With his newly found buddy the mystic impresario Hervé Sosthène de Robiencourt, he finds sanctuary with a crazy inventor, Colonel O’Colloghan. Together they develop a dangerously faulty gas mask, which they hope to sell to the British Army. Ferdinand’s real interest, however, is in the Colonel’s pubescent niece, Virginia, to whom he declares his love. She soon falls pregnant.

The narrator’s feverish state of mind is echoed by the fragmented topography of the city. A simple journey from Piccadilly to the Whitechapel Road, for example, takes him via the Strand and Fleet St, turning sharply northwards to Bank and beyond to Seven Sisters, before plunging south of the river to the Elephant and Castle, from where he eventually heads north east towards Whitechapel. The settings restlessly shift between London’s cardinal points, between Docklands and Piccadilly, Greenwich and Willesden, Limehouse and Maida Vale, Stepney and the outer suburbs of Bromley and Chislehurst.

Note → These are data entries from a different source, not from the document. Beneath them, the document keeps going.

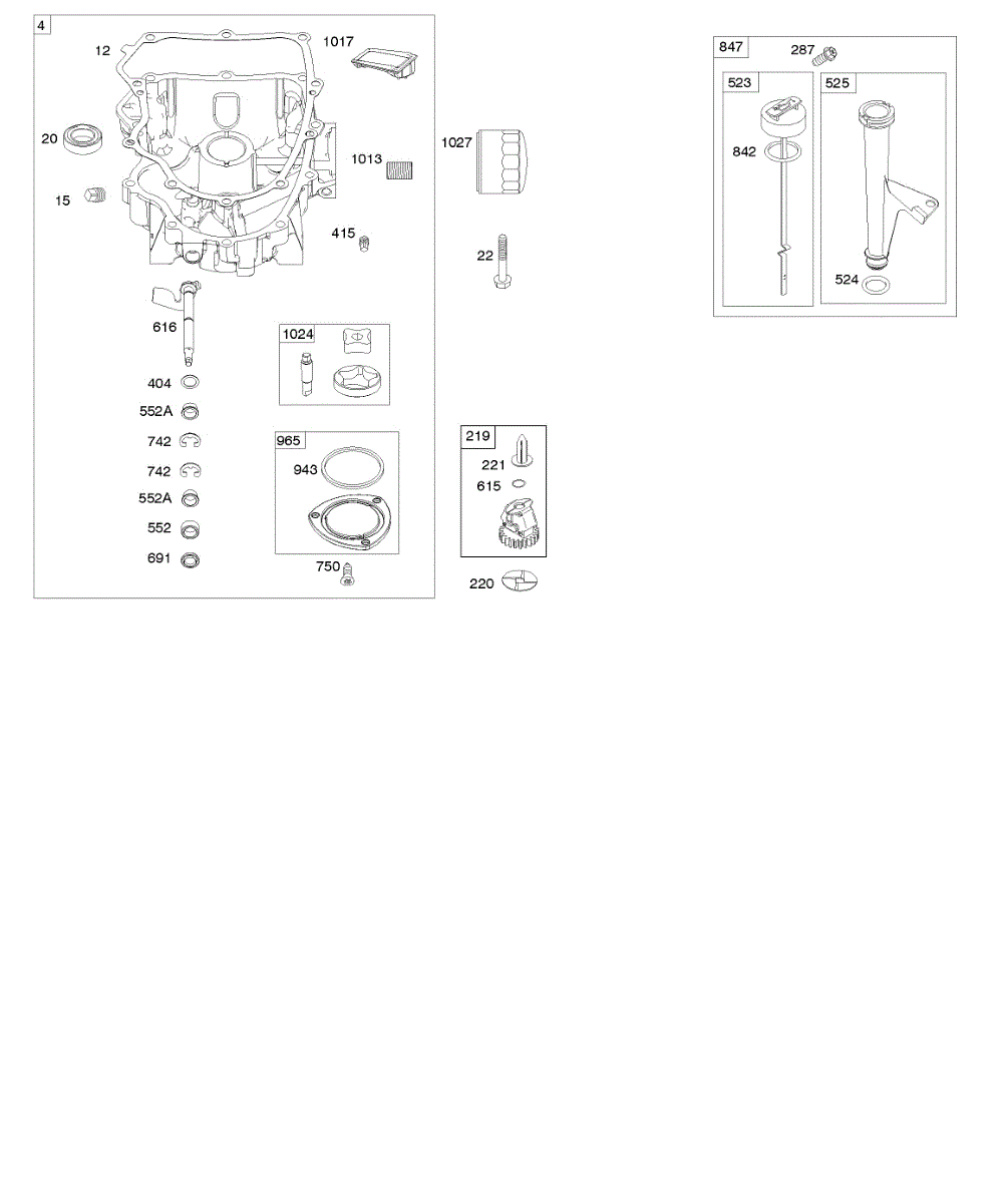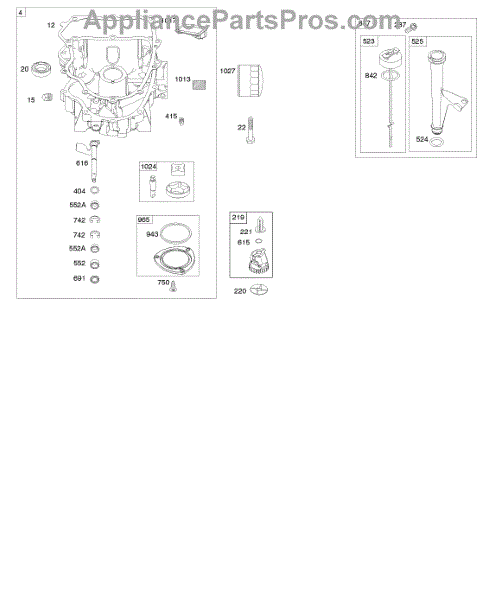 Parts for Briggs & Stratton 44R777-0002-G1: Engine Sump, Oil Pump, Dipstick / Tube Assembly Parts
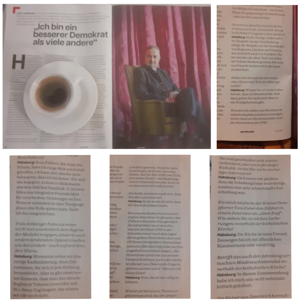 Ein Blick auf die Website von Karl Habsburg hätte genügt, um ihn zu fragen, weshalb er sich selbst nach wie vor, am 22. März 2026 wieder einmal gelesen, als „SKKH Karl von Habsburg“ bezeichnet, stattdessen aber fragen Nina Brnada, Angelika Hager in der „Profil“-Ausgabe 12 vom 21. März 2026 ob
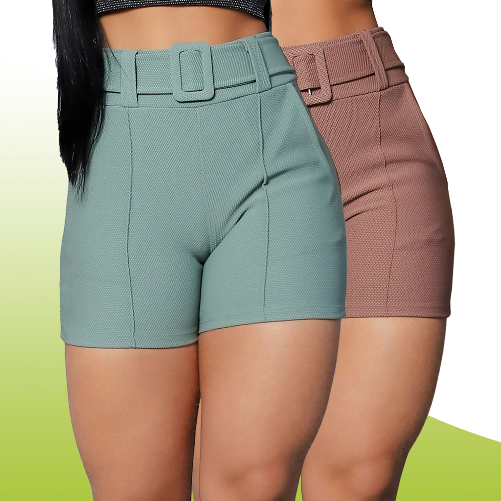 Short Feminino Curto Alfaiataria com Cinto e Cintura Alta - Moda Casual
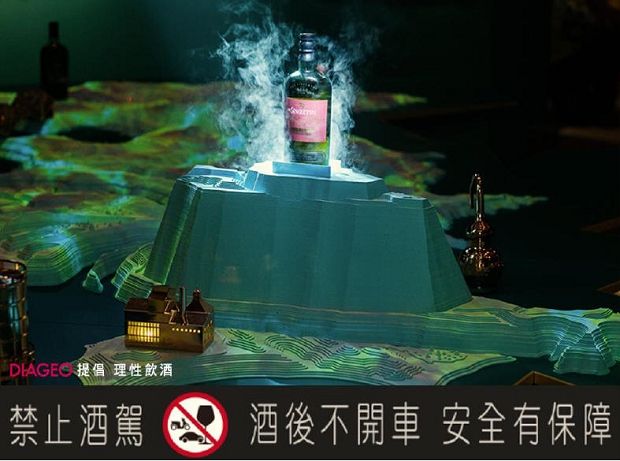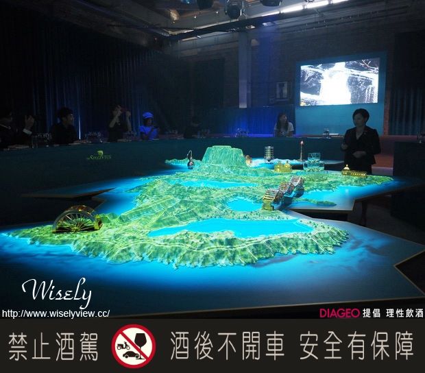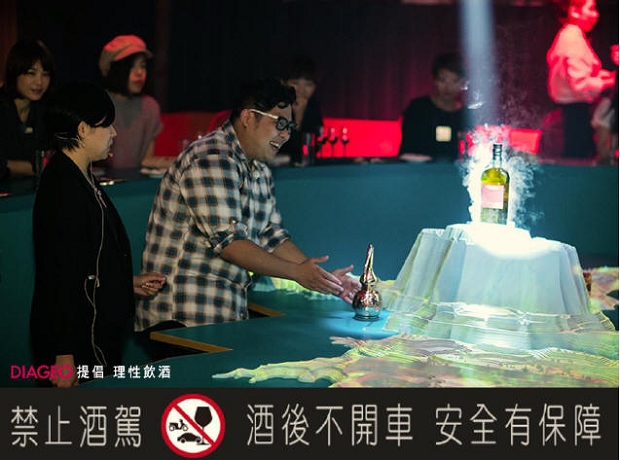 在劇場式品酩空間裡,讓人感到相當不同的品酩氛圍;而中央的品酩桌為蘇格蘭地形景觀,搭配立體投影讓品酩者更加了解蘇格蘭的風土環境,也透過品牌大使的解說,更進一步地了解它與威士忌製酒息息相關的緣由。
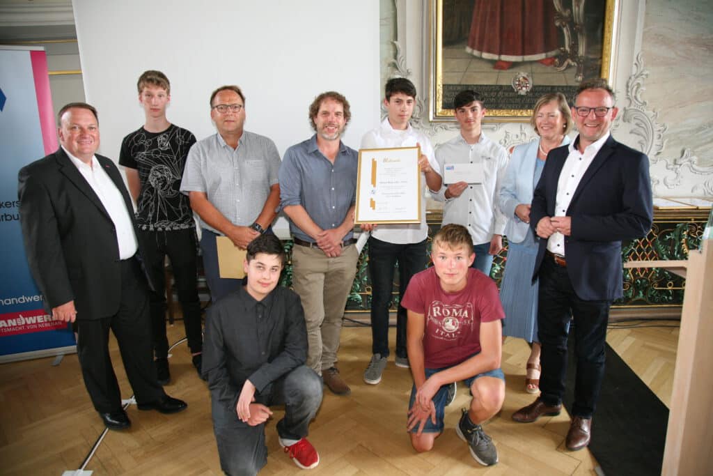 Bei einer festlichen Preisverleihung im Kurfürstlichen Palais Trier wurde der Technik-und-Naturwissenschaftskurs der Klasse 9 von Stefan Schwenkmezger für seinen Beitrag zum Schülerwettbewerb der Kreishandwerkerschaft Trier-Saarburg geehrt.
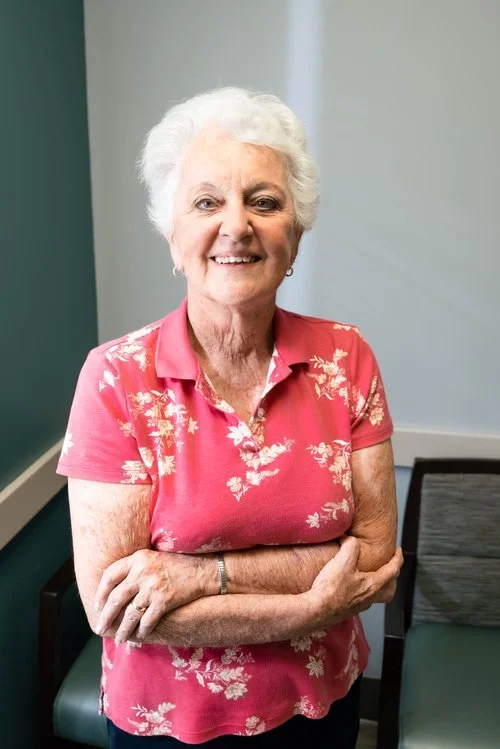An elderly woman with white hair, wearing a pink floral polo shirt, smiling with arms crossed in a room with teal and light-colored walls.
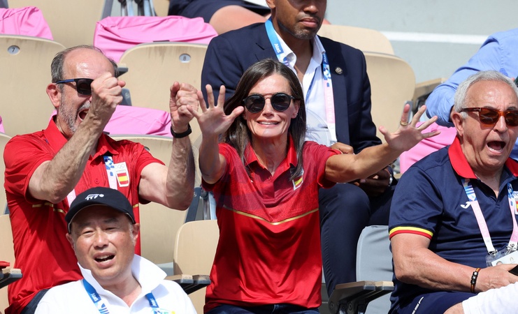 La reine Letizia d’Espagne assiste aux 1/4 de finale de tennis entre Carlos Alcaraz et Tommy Paul lors des Jeux Olympiques de Paris2024 (JO) à Roland Garros

Guignol’s Band is based on Céline’s memories of wartime London. Having been wounded and honourably discharged from the army, he was assigned to a desk job at the French consulate in May 1915, and stayed in the British capital until March of the following year. London was at that time considered to be a culturally advanced city, with avant-garde movements including the Imagists and Vorticists.

For many critics Céline’s greatest contribution is as a literary stylist. Written in a fast paced staccato slang, replete with ellipses, his novels made a highly original contribution to the modernist canon. His account of humanity is at once atrociously disparaging, and very funny.

The negativity that fuelled Céline’s black humour also led him to fascism. Between 1937- 41 he wrote a number of anti-Semitic pamphlets. Guignol’s Band was begun in Brittany in the summer of 1942, by which time he already thought Germany would lose the war. In October the BBC French Service named Céline as a collaborator.

He continued to work on the book at Bezons, a poor suburb of Paris where he was employed as a doctor. With an Allied invasion imminent, he decided to have the finished part of the novel published as Guignol’s Band I whilst there was still time. Fearing that the Resistance would kill him, Céline then fled north with his wife Lucette to Berlin, and eventually on to Denmark. Versions of Guignol’s Band II were drafted before leaving Paris, on their hazardous journey north, and in Denmark whilst in prison. Completed there in 1947, it was posthumously published in 1964 under the misleading title of London Bridge.